= Exercise description =
From the listing below, output the lines between the one with "4.9清1230件夏季超好看" and the one with "1666-9859 빠르고 간편한", including those two, and nothing else. Pictures are not copied.

= Dataset content =
..............................

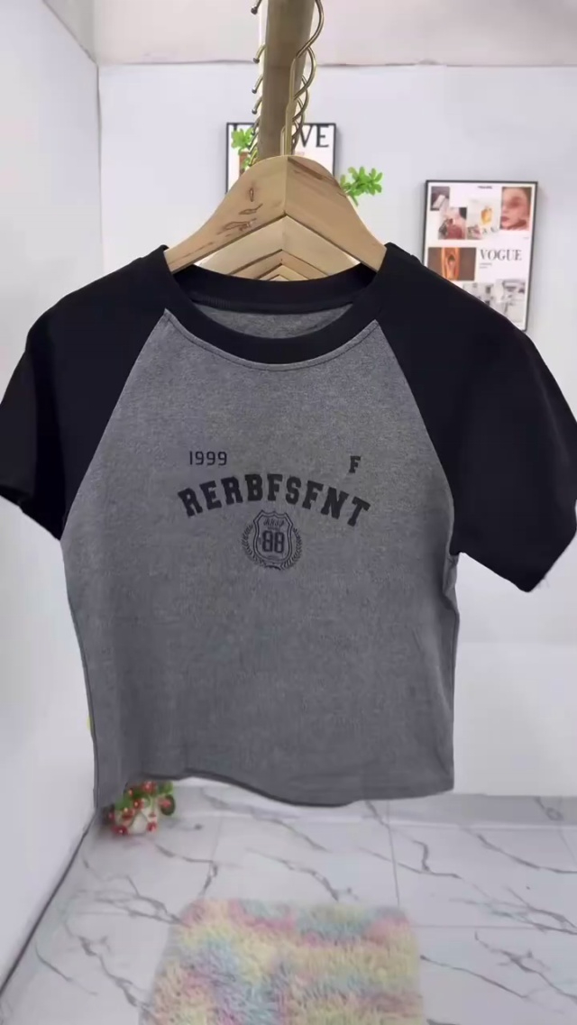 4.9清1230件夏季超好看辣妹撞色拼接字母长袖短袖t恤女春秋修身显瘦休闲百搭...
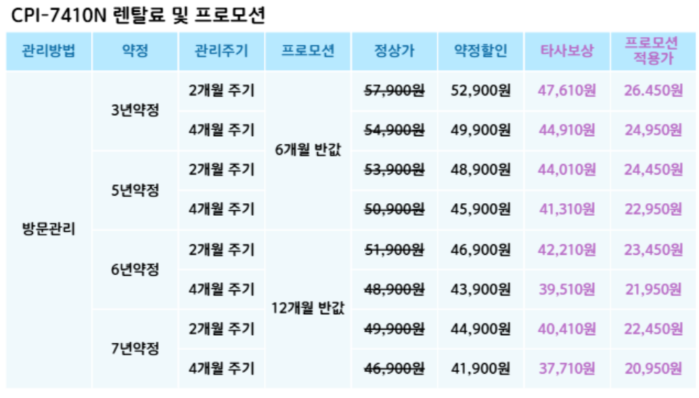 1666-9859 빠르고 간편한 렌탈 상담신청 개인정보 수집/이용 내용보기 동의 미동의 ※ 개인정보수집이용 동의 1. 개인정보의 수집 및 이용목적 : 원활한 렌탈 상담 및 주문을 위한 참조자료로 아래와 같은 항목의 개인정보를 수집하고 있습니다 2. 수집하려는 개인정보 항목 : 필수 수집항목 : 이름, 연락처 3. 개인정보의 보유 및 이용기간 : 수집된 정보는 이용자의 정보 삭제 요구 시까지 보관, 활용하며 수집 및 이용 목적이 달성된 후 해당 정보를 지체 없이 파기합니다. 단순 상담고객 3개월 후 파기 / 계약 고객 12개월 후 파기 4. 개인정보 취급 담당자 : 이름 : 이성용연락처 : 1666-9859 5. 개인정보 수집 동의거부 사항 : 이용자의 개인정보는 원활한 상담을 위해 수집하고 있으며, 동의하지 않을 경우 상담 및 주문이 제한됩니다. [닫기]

..............................

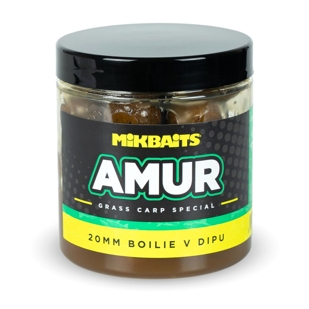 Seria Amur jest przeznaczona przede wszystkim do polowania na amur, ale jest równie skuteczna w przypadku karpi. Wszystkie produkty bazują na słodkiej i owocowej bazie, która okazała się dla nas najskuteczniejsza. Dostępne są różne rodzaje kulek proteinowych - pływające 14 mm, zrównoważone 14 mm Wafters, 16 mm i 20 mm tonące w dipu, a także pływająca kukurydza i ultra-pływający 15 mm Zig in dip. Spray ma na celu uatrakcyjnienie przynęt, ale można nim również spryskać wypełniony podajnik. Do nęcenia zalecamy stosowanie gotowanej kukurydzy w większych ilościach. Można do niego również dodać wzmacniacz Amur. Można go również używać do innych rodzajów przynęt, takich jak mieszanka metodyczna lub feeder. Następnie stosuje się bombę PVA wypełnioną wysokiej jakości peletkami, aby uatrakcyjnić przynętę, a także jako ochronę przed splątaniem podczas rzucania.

..............................

= Exercise solution =
 4.9清1230件夏季超好看辣妹撞色拼接字母长袖短袖t恤女春秋修身显瘦休闲百搭...
 1666-9859 빠르고 간편한 렌탈 상담신청 개인정보 수집/이용 내용보기 동의 미동의 ※ 개인정보수집이용 동의 1. 개인정보의 수집 및 이용목적 : 원활한 렌탈 상담 및 주문을 위한 참조자료로 아래와 같은 항목의 개인정보를 수집하고 있습니다 2. 수집하려는 개인정보 항목 : 필수 수집항목 : 이름, 연락처 3. 개인정보의 보유 및 이용기간 : 수집된 정보는 이용자의 정보 삭제 요구 시까지 보관, 활용하며 수집 및 이용 목적이 달성된 후 해당 정보를 지체 없이 파기합니다. 단순 상담고객 3개월 후 파기 / 계약 고객 12개월 후 파기 4. 개인정보 취급 담당자 : 이름 : 이성용연락처 : 1666-9859 5. 개인정보 수집 동의거부 사항 : 이용자의 개인정보는 원활한 상담을 위해 수집하고 있으며, 동의하지 않을 경우 상담 및 주문이 제한됩니다. [닫기]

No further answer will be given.